In the recent Deloitte 2010 Ethics and Workplace Survey, 32 percent of employees surveyed say that they are just waiting for the economy to turn around so they can look for employment.The first step in protecting assets is understanding what those assets are; how the law defines them; and what measures are required by law to protect them against disclosure.

What is a Trade Secret?

In NH (and about 40 other states), trade secrets are defined and protected by a statute known as the Uniform Trade Secrets Act (UTSA). The act defines the term "trade secrets" intentionally broadly, stating a trade secret is any "information, including a formula, pattern, compilation, program, device, method, technique, or process" that derives value from not being generally known to, and not being readily ascertainable by proper means by other persons who can obtain economic value from its disclosure or use; and is the subject of reasonable efforts to maintain its secrecy.

A simpler test, at least initially, is to ask, "Would I care if my main competitor had this information?

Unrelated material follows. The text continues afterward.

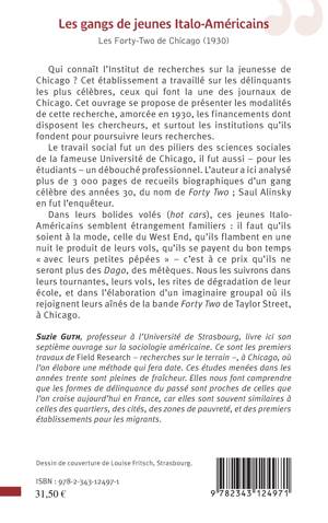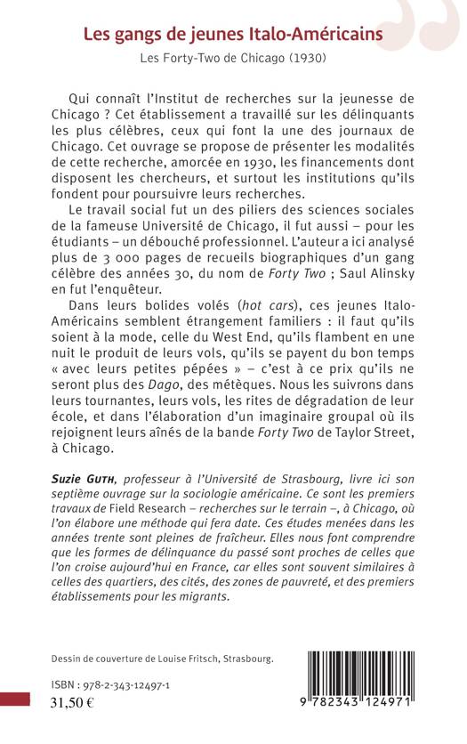 La ville de Chicago a recensé les délinquants ayant fait la une des journaux locaux. L'ouvrage condense et analyse plus de 3000 pages de recueils biographiques du célèbre gang du Chicago des années 30, le "Forty-two". Entre tournantes, vols et rites de dégradation de leur école, l'auteur retrace leurs parcours dans l'élaboration d'un imaginaire groupal.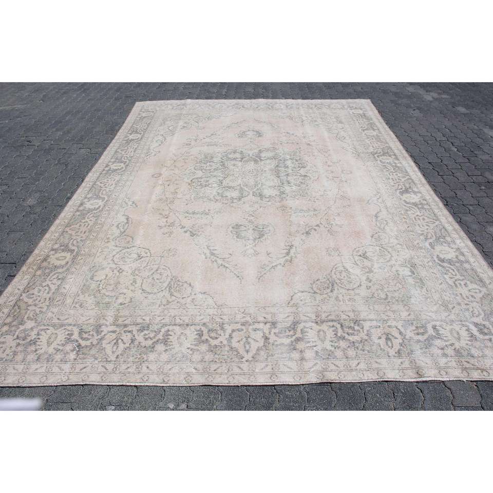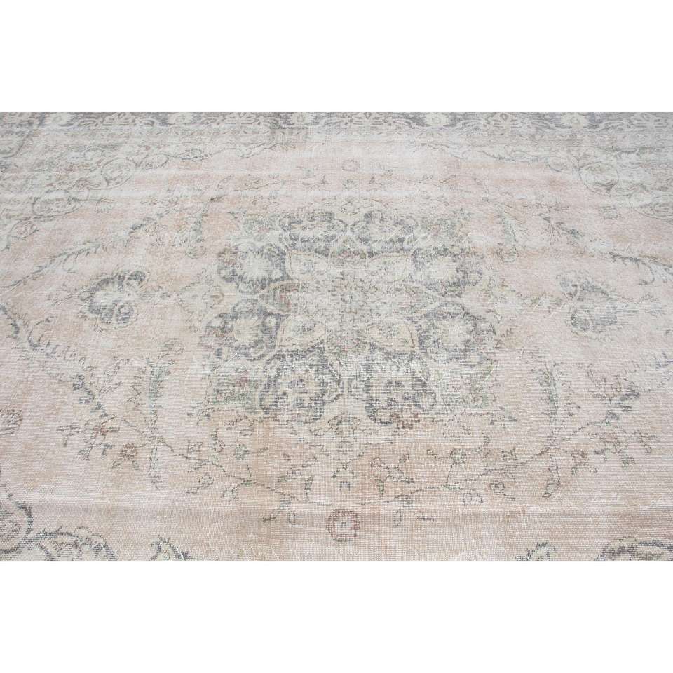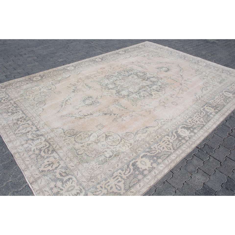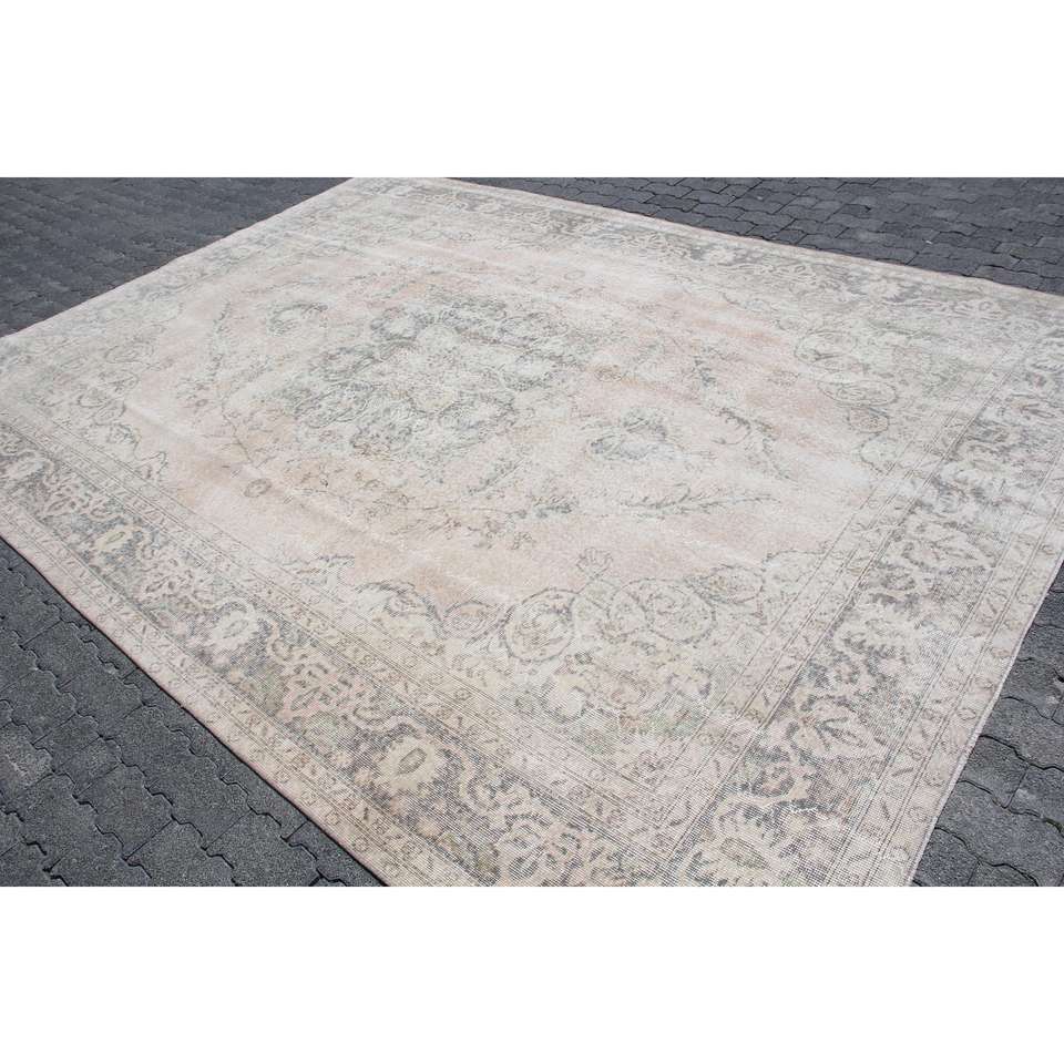 Tapis turc, tapis vintage 8,4x11,7 pieds, tapis en laine à bordures grises

Would he or she care if I had it?" If the answer is "yes," then the information could be a trade secret and a more specific investigation is required.

Other questions that might be asked to determine whether information is a trade secret include:
How much did the company spend (in money, time and effort) on the development of the information?
How easily could the information be duplicated, reverse engineered, de-compiled or otherwise lawfully or independently acquired?
How widely known is the information, and what would it require for another company to legitimately acquire it?

The courts have determined that a range of information can, under certain circumstances, constitute a protectable trade secret. This includes almost all manner of technical data; specialized manufacturing processes; cost margin information; marketing, pricing and acquisition strategies; specific manufacturing "ingredients;" customer lists; and other information that cannot be regarded as general know-how and skills acquired in the course of one's employment.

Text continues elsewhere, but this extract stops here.